-tloc.

Headword: 
-tloc.
Principal English Translation: 

close to, next to, near, adjacent to (a post-positional word) (see Carochi/Lockhart and Karttunen)

IPAspelling: 
-tɬok
Alonso de Molina: 

Tloque nauaque. cabe quien esta el ser de todas las cosas, conseruandolas y sustentandolas; y dizese de n~ro señor dios
Alonso de Molina, Vocabulario en lengua castellana y mexicana y mexicana y castellana, 1571, part 2, f. 148r.

Frances Karttunen: 

-TLOC postposition adjacent to, close to / par de ... junto a (C) T has A for O. According to C, this is synonymous with -NĀHUAC.
Frances Karttunen, An Analytical Dictionary of Nahuatl (Norman: University of Oklahoma Press, 1992), 308.

Horacio Carochi / English: 

-tloc = close to, next to
Horacio Carochi, S.J., Grammar of the Mexican language with an explanation of its adverbs (1645), translated and edited with commentary by James Lockhart, UCLA Latin American Studies Volume 89 (Stanford: Stanford University Press, UCLA Latin American Center Publications, 2001), 514 and see 76-77.

Attestations from sources in English: 

tetloc = with, or on the side of, or together with the people
Robert Haskett and Stephanie Wood's notes from Nahuatl lessons with James Lockhart and subsequent research.

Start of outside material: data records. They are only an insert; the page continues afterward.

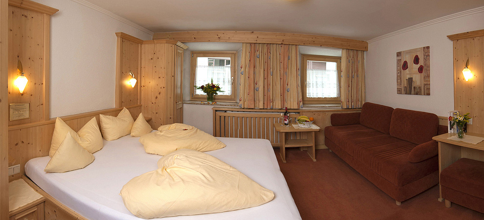 25 m² - pokoj s manželskou postelí a případně rozkládacím gaučem až pro 1 dospělou osobu a 1 dítě do nedovršených 15 let; sociální zařízení se sprchou či vanou, zpravidla balkon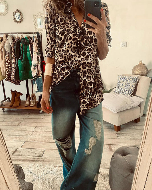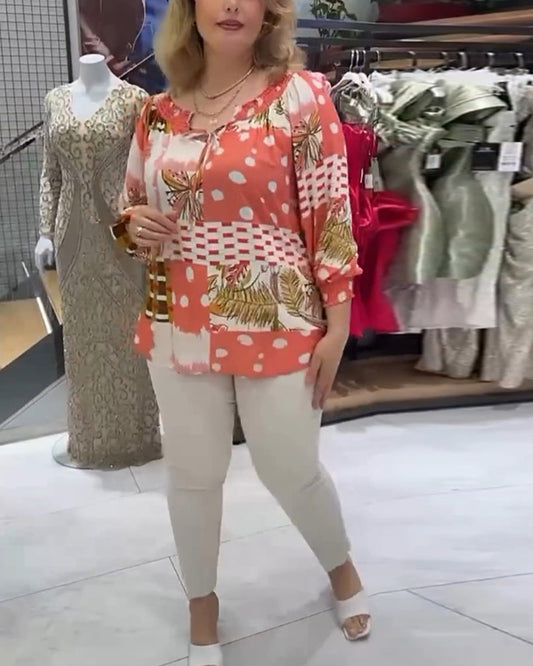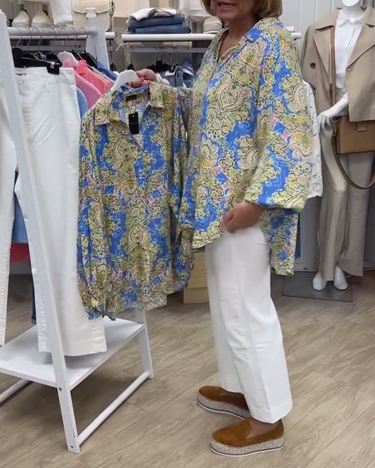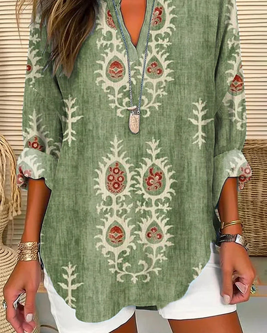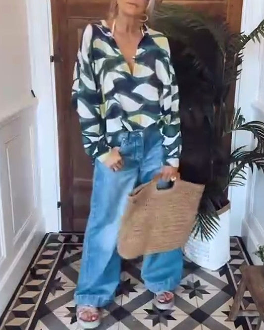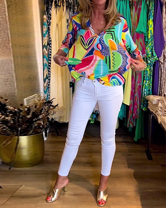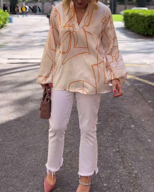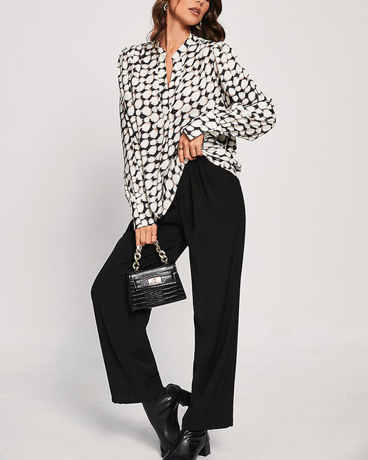 Camicetta ampia a maniche lunghe con scollo a V stampata casual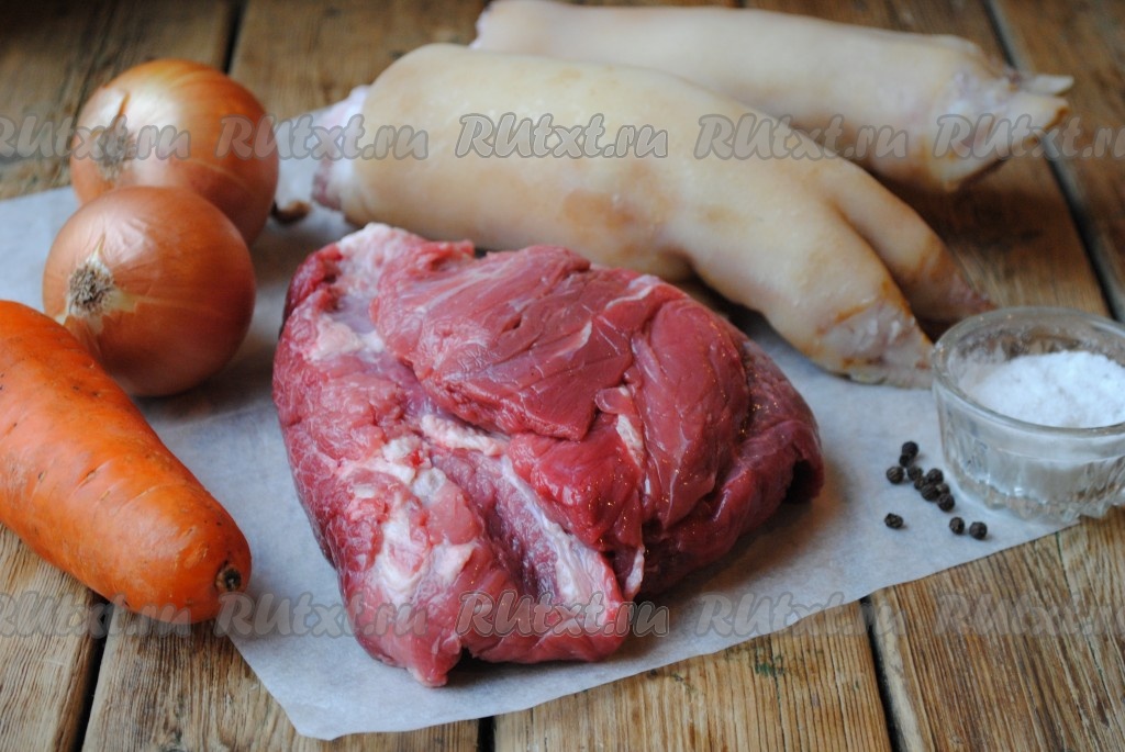 Для приготовления холодца из говядины и свиных ножек потребуется:

Attestations from sources in Spanish: 

Domingo nican notloc onemia cenca otechmocuiliahui [otechmocuitlahui] nicnomaquillia matlacpantli yn chinamitl ynn ompa Atiçapan = A Domingo que estaba con nosotros, por lo bien que nos sirvió, le doy ducientos camellones en el pago llamado Atisapan. (Xochimilco, 1577)
Vidas y bienes olvidados: Testamentos indígenas novohispanos, vol. 2, Testamentos en náhuatl y castellano del siglo XVI, eds., Teresa Rojas Rabiela, Elsa Leticia Rea López, Constantino Medina Lima (Mexico: Consejo Nacional de Ciencias Tecnología, 1999), 212–213.